Японские автомобили, бульдозеры, иная техника — вот в чем состоял кредит, его материальная часть. Не считая всякого ширпотреба, которым были одно время завалены магазинчики бамовских поселков.
Но время идет, кредит кончился. Японцы с выгодой для себя избавились от залежалых товаров, я имею в виду ширпотреб. Японская техника, как ни была хороша, тоже поизносилась, очень много ее уже на свалках. Так что же осталось у нас? Во имя чего все хлопоты были?
А у нас остался долг, который мы обязаны вернуть Японии. И мы его возвращаем углем — по 6–7 миллионов тонн в год. По существу отдаем этот уголь бесплатно. Вернее, за ту технику, которой уже нет, за барахло в магазинах, которое когда-то появилось ненадолго, и, конечно, за визиты в Японию, которые наносили руководители БАМа.
Работает угольный разрез, работает обогатительная фабрика в Нерюнгри, поезда, суда перевозят уголь, но страна наша не получает от их работы никакой выгоды.
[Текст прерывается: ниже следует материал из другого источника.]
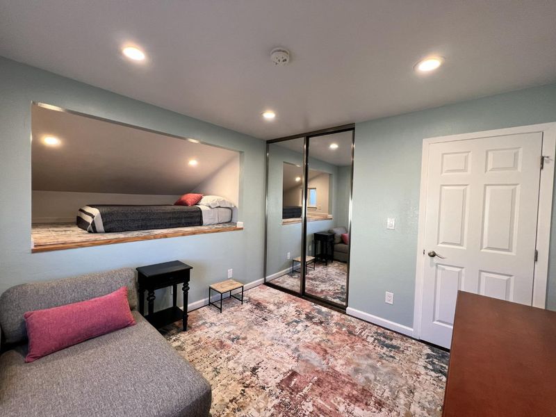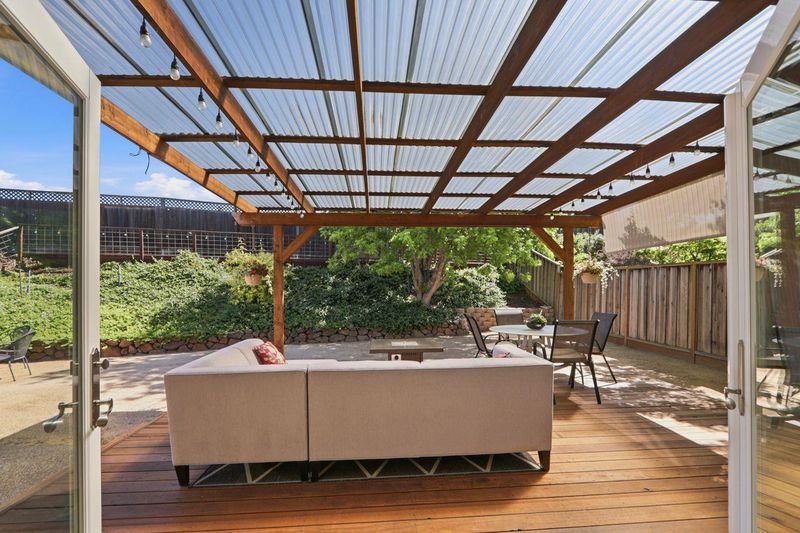 Located in Milpitas, this 1,910 SF home on a 7,280 SF lot features 4 bedrooms and 3 full baths. The first floor offers a versatile room with french doors opening to a private, fenced courtyard. A full bathroom with a walk-in jetted tub and shower makes it ideal for guests or multi-generational living. Up a few steps, natural light illuminates the heart of the home. The updated family room has a gas fireplace, and the remodeled kitchen features heat and stain resistant Dekton countertops, modern appliances, full wall pantry, and a built-in banquette for dining or gathering. Walk out to a covered 20x20 custom redwood deck via french doors for seamless indoor-outdoor entertaining, with roll-down shades for cooler days and lighting for evening living. The large backyard feels private and offers abundant side yard storage, dog run, and drought-tolerant landscaping with automatic sprinklers. Upstairs, a skylight brightens the hallway to four bedrooms with views of the valley or hills, including one with a sleeping loft. There are remodeled full bathrooms in both the hall and the primary suite, which has a stall shower and walk-in closet. LED lighting and owned solar panels add to efficiency, and A/C keeps it comfortable year round. So many features and so much to love! You are home.

Только одни затраты. И пустые хлопоты. Прогуляли уже доходы в эпоху застоя.
Получается, что БАМ построили ради этих затрат! Когда расплатимся с долгами, потребуются новые — на его капитальный ремонт… И опять все пойдет по кругу.
Лишь топливо для котельных самого же БАМа — вот, пожалуй, и все материальное, что получает наша страна со «стройки века»…
Мрачное впечатление от Тынды, от ее железнодорожного вокзала, от площади около него. Рядом с некогда белоснежным зданием— огромная черная труба. И вокзал уже давно стал серым, угрюмым. Таким сделало его южноякутское топливо.
По-моему, внешний вид, вернее, экологические проблемы города вообще мало кого волнуют. К ним привыкли и воспринимают их как что-то само собой разумеющееся, как временную трудность, потому что абсолютное большинство жителей здесь чувствуют себя временными. Отсюда и надежды на знаменитый «авось» — авось вывезет.
Очистные сооружения с самого начала не справлялись и не справляются: сброс в реку как велся, так и ведется при символической очистке или даже без таковой. А этого никто будто и не замечает.
Сам видел пенные, мутные сбросы банно-прачечного комбината, видел черные масляные воды с железнодорожных объектов, видел городскую свалку — все вывалено прямо на лед реки. Паводок, мол, унесет.
— Когда-то богатые тут места были, — вспоминают старожилы.
Федор Андреевич, с которым я разговорился, раньше работал в метеослужбе. 40 лет здесь, в Тынде. Хорошо помнит, какая охота была прежде, до БАМа. А ягод было… поляны красные, бочки набирали. А рыбы было… хариусов не знали куда девать. Рябчики, глухари за поселком водились. «Ныне же ничего нет. Пустая река, пустая тайга кругом».